*Exercise*
With the line containing "В январе 2015" as the final line, restate exactly every line of the data below from the first one onward, and copy no pictures.

┄┄┄┄┄┄┄┄┄┄

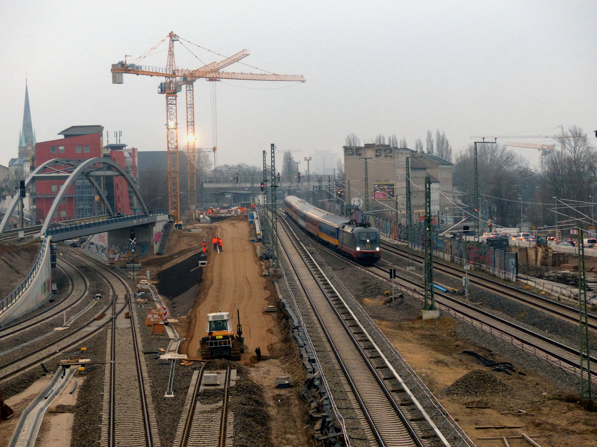 Im Hintergrund ist die Ringbahnhalle des Bahnhofs Ostkreuz zu sehen, die Gleise zwischen dem Zug und der S-Bahn sind derzeit  tote Gleise . Die S-Bahn wird später auf dem Gleis fahren, das sie hier noch mittels Weiche verlässt. Die auf die Ringbahnhalle zuführende Brücke ist die Südkurve, die eine Verbindung zwischen Warschauer Straße und Treptower Park (wieder)herstellt.
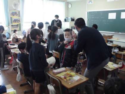 3年・外国語活動「Who are you ?」 公開日 2022/03/08 更新日 2022/03/08 3年生 友だちに質問しながら,友だちは何の動物になったのかを当てていきます。密にならないよう,工夫しながら活動しています。 写真はこちら↓ 閉じる
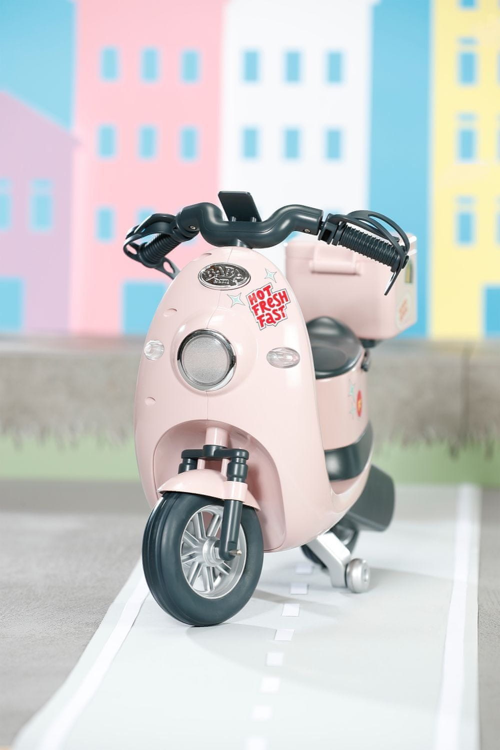 Najboljši način za premikanje po mestu je skuter. Zato se BABY born odpravlja na ulice z novim sodobnim električnim skuterjem. Upravljati ga je mogoče z daljinskim upravljalnikom, vozi pa naprej in nazaj. Seveda je treba takšen električni skuter tudi polniti. Ko je priključen na polnilno postajo, se prižge zadnja lučka, da je igra polnjenja pristna (samo polnjenje ni resnično). Varno potovanje, BABY born!
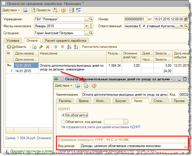 В январе 2015 года сотруднику была начислена облагаемая взносами оплата дополнительных выходных дней по уходу за детьми-инвалидами в размере 1 304,34 руб.
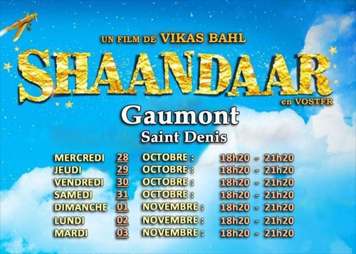 [Edit 28/10] Deuxième semaine en France pour la comédie romantique familiale réunissant Shahid Kapoor et Alia Bhatt à l’écran. Ne manquez pas Shaandaar.
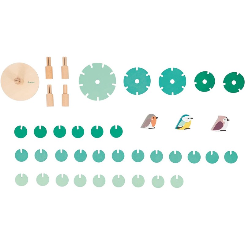 - RESPONSIBLE: This watercolour painted FSC wood game contains 37 pieces of tree and 3 birds for more incentives to play. Size: 13.5 x 13.5 x 30 cm. Janod toys recommended for children aged 3 to 5 years.
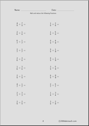 This Fraction Addition (set 4) Worksheet is perfect to practice fraction addition skills. Your elementary grade students will love this Fraction Addition (set 4) Worksheet. Printable fraction worksheets, addition fraction practice.
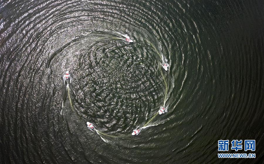 6月2日,武警官兵在贵州省清镇市红枫湖开展冲锋舟编队航行训练(无人机拍摄)。
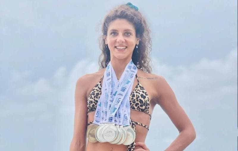 A italiana Linda Cerruti, do nado artístico, exibiu as oito medalhas (seis de prata e duas de bronze) que conquistou no Campeonato Europeu de Esportes Aquáticos, realizado neste mês em Roma. Ela posou de cabeça para baixo, com as medalhas penduradas nas pernas. Por causa da imagem, a nadadora foi alvo de comentários sexistas.
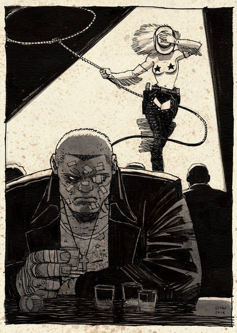 SIN CITY Old ink+watercolor drawing with some new digital textures Dibujo de hace unos años ya, con un añadido de textura digital #ink #watercolor #sincity #frankmiller @FrankMillerInk
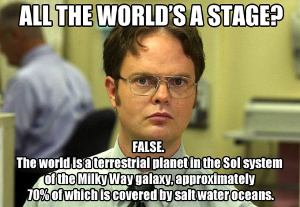In all seriousness, William Shakespeare was pretty wicked in his writing. He dominated his time and even now, some 400 years later, he still dominates the English language. While this was only a crash course in Shakespeare, I cannot recommend to everyone enough, that if given the opportunity to study Shakespeare, take it.
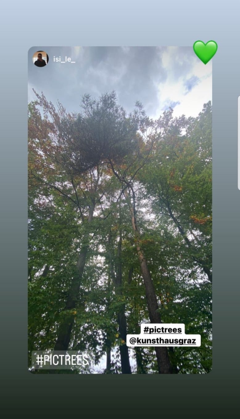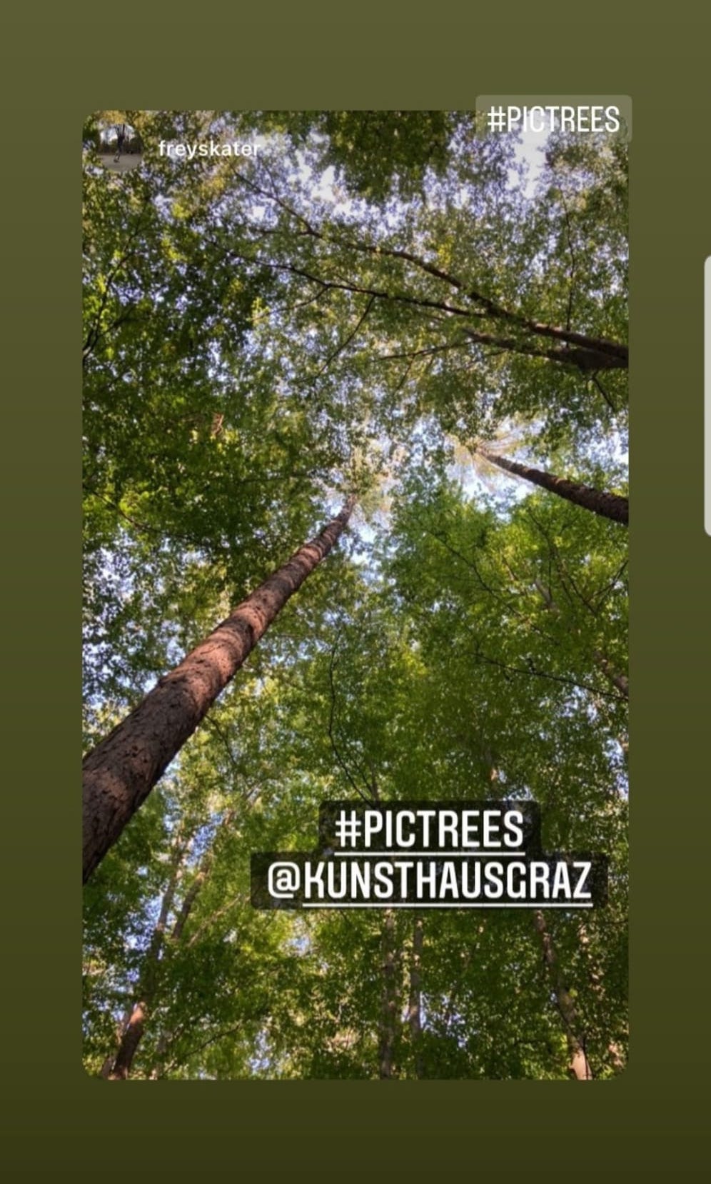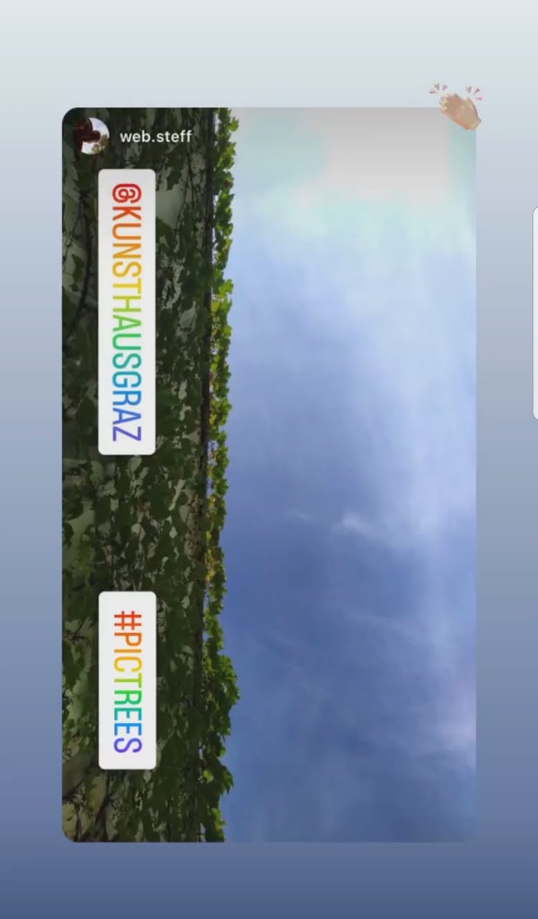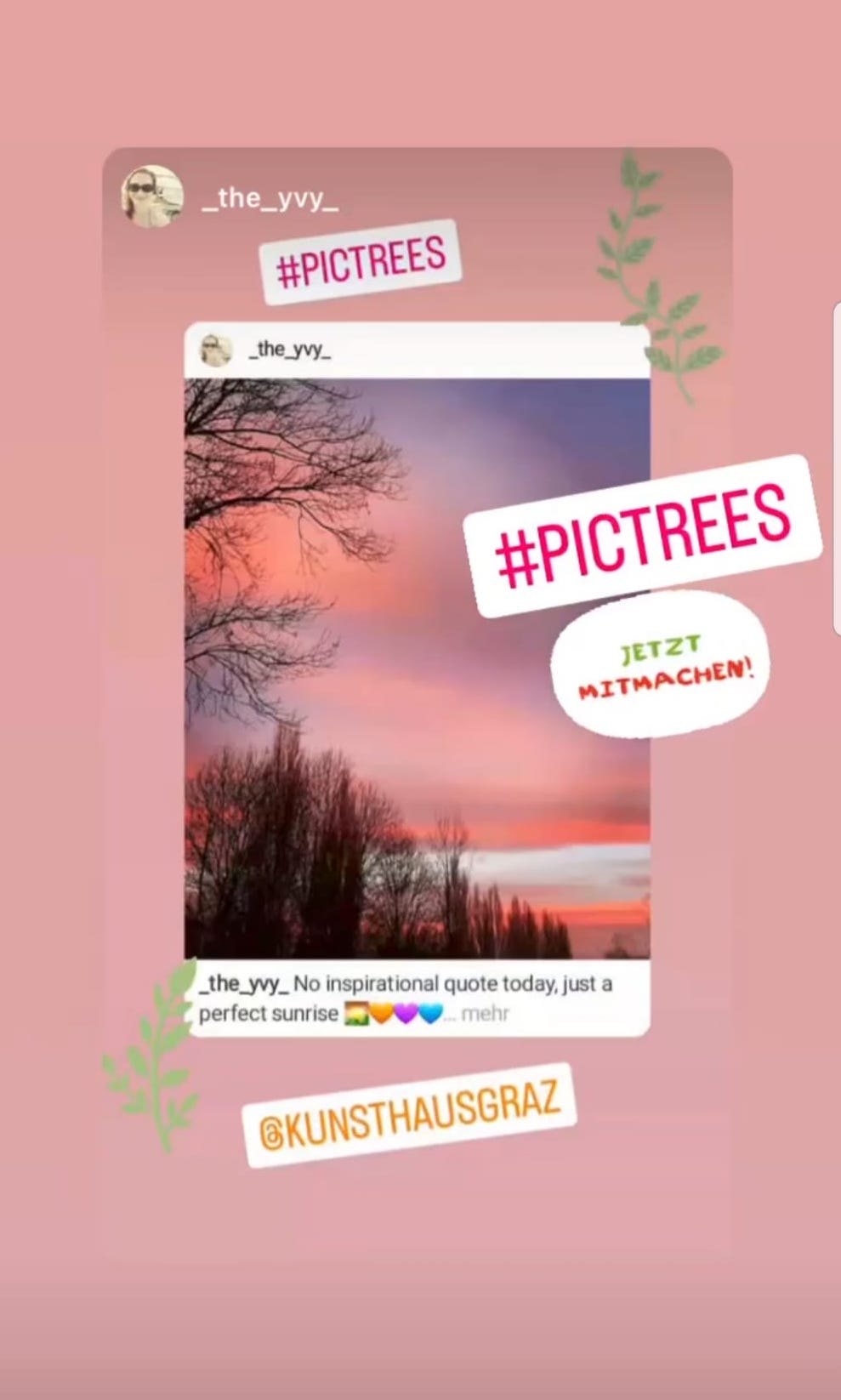 Teile es in deiner öffentlichen Instagram Story, tagge den @Kunshausgraz–Account und benutze #pictrees
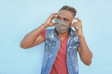 Boy listening music with big headphones outside in coronavirus time protected with face mask on and keeping the social distance
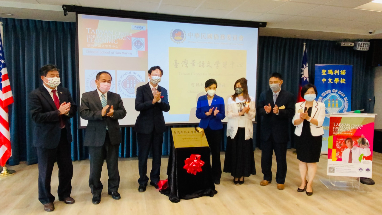 僑務委員會童振源委員長於本(2021)年8月底訪問美國,首站為洛杉磯,除了拜會僑社、與僑台商團體以及僑務榮譽職人員座談,以加強聯繫合作外,此行另一重要目的為推廣具台灣特色的華語文教學,於8月31日上午赴聖瑪利諾中文學校為新設立的「臺灣華語文學習中心」進行揭牌。

┄┄┄┄┄┄┄┄┄┄

*Reply to the exercise*
 Im Hintergrund ist die Ringbahnhalle des Bahnhofs Ostkreuz zu sehen, die Gleise zwischen dem Zug und der S-Bahn sind derzeit  tote Gleise . Die S-Bahn wird später auf dem Gleis fahren, das sie hier noch mittels Weiche verlässt. Die auf die Ringbahnhalle zuführende Brücke ist die Südkurve, die eine Verbindung zwischen Warschauer Straße und Treptower Park (wieder)herstellt.
 3年・外国語活動「Who are you ?」 公開日 2022/03/08 更新日 2022/03/08 3年生 友だちに質問しながら,友だちは何の動物になったのかを当てていきます。密にならないよう,工夫しながら活動しています。 写真はこちら↓ 閉じる
 Najboljši način za premikanje po mestu je skuter. Zato se BABY born odpravlja na ulice z novim sodobnim električnim skuterjem. Upravljati ga je mogoče z daljinskim upravljalnikom, vozi pa naprej in nazaj. Seveda je treba takšen električni skuter tudi polniti. Ko je priključen na polnilno postajo, se prižge zadnja lučka, da je igra polnjenja pristna (samo polnjenje ni resnično). Varno potovanje, BABY born!
 В январе 2015 года сотруднику была начислена облагаемая взносами оплата дополнительных выходных дней по уходу за детьми-инвалидами в размере 1 304,34 руб.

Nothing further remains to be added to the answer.